Lompat ke konten Lompat ke sidebar Lompat ke footer

Porno!: Feminisme, Seksualitas, dan Pornografi di Media

Porno!: Feminisme, Seksualitas, dan Pornografi di Media
Penulis: Ahmad Junaidi
Penerbit: Kompas Gramedia, Jakarta, 2012, xvii + 135 halaman

Masih ingat sosok Ainur Rokhimah yang lebih dikenal dengan nama panggungnya, Inul Daratista? Sosok fenomenal ini mulai dikenal publik ketika media memberitakan maraknya piringan video bajakan berisi kegiatannya menyanyi di kampung, yang direkam kamera amatir dengan mutu gambar dan suara alakadarnya.

Perempuan kelahiran Pasuruan, Jawa Timur, 21 Januari 1972, ini menjadi semakin terkenal ketika Rhoma Irama hingga Majelis Ulama Indonesia (MUI) satu suara dalam menilai aksi panggungnya. Inul dianggap melanggar norma-norma agama dan merusak moral bangsa. Hampir semua media elektronik dan cetak serta internet pernah membahas dan memberitakan Inul.

Oleh penentangnya, penampilan dan goyangan Inul digolongkan ke dalam pornografi. Sebagian orang lainnya menyebutnya pornoaksi, istilah yang pertama dipakai MUI untuk menyebut gerakan atau tindakan yang bersifat porno.

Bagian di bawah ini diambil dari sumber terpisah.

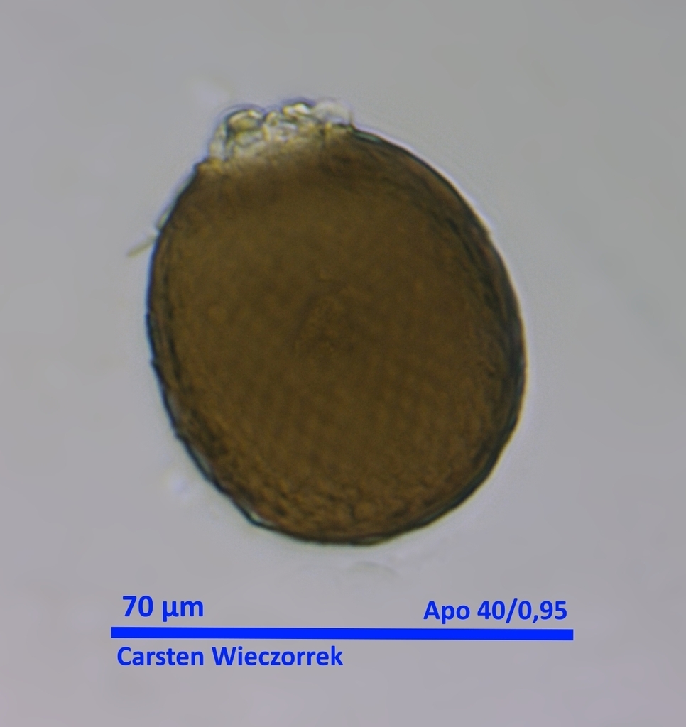 Bild 5 : Samenkorn? Insektenei? Irgend ein Ei? Schalenamöbe? Auch ein Bärtier-Ei?   --> Ei von Macrobiotus richtersii
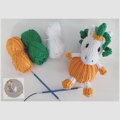 This 8 page written knitted pattern is in English only and includes detailed instructions along with photos to guide you through the pattern - including how to construct your Pumpkin unicorn when you have finished knitting each piece of the pattern :)

Alex Junaedi kemudian menjadikan kasus Inul sebagai bahan penelitiannya. Ia mencoba mempertanyakan wacana seksualitas perempuan dalam media cetak. Alex juga ingin melihat posisi media cetak menyikapi keberatan sebagian masyarakat terkait isu pornografi. Adapun media cetak yang diteliti adalah Gatra, Tempo, Kompas, Republika, Sabili, dan Basis.

Awalnya, buku ini adalah tesis berjudul "Media Massa dan Ponografi: Pro-Kontra Pemberitaan Inul Daratista dalam Media Cetak Nasional, saat Alex mengikuti program magister di Fakultas Pascasarjana Universitas Indonesia. Ia mengambil program kajian perempuan.

Dalam kaitannya dengan media massa, banyak penelitian dan laporan ilmiah yang menyimpulkan bahwa media massa masih membawa bias berkenaan dengan pemberitaan seputar perempuan. Perempuan masih dianggap sebagai properti. Alex menggunakan analisis bingkai (framing analysis) yang mencoba membuka ideologi tersembunyi dari sebuah berita. Pesan yang mungkin tidak secara eksplisit tertulis dalam sebuah berita dicoba dijelaskan dengan analisis bingkai ini.

Hasilnya, Kompas dan Tempo tidak memasukkan Inul dalam kategori pornografi. Sedangkan Gatra mengaitkannya dengan pornografi, meskipun masih ada pro dan kontra antara ulama dan masyarakat umum. Republika dan Sabili mengaitkan kontroversi seputar Inul dengan erotisme dan pornografi dan berharap pihak yang berwenang melarangnya. Basis mengaitkan kontroversi Inul dengan seksualitas, tapi tidak mengaitkannya dengan pornografi.

Di lain pihak, televisi juga memiliki andil menyumbangkan kontroversi seputar Inul. Kompas menyatakan, kerja keras Inul dan peran media televisi membantu kepopuleran Inul. Sedangkan media cetak lainnya menganggap kepentingan rating dan iklan mengangkat popularitas, bahkan cenderung mengeksploitasi, Inul.

Alex menulis buku ini dengan bahasa yang lugas, mengalir, dan mudah dipahami. Buku ini juga mengingatkan kembali pembacanya pada fenomena Inul hampir satu dekade lalu. Buku ini terlihat relevan dengan kondisi saat ini, ketika semakin banyak "polisi moral" yang dengan mudah memberi stempel baik dan buruk kepada perempuan.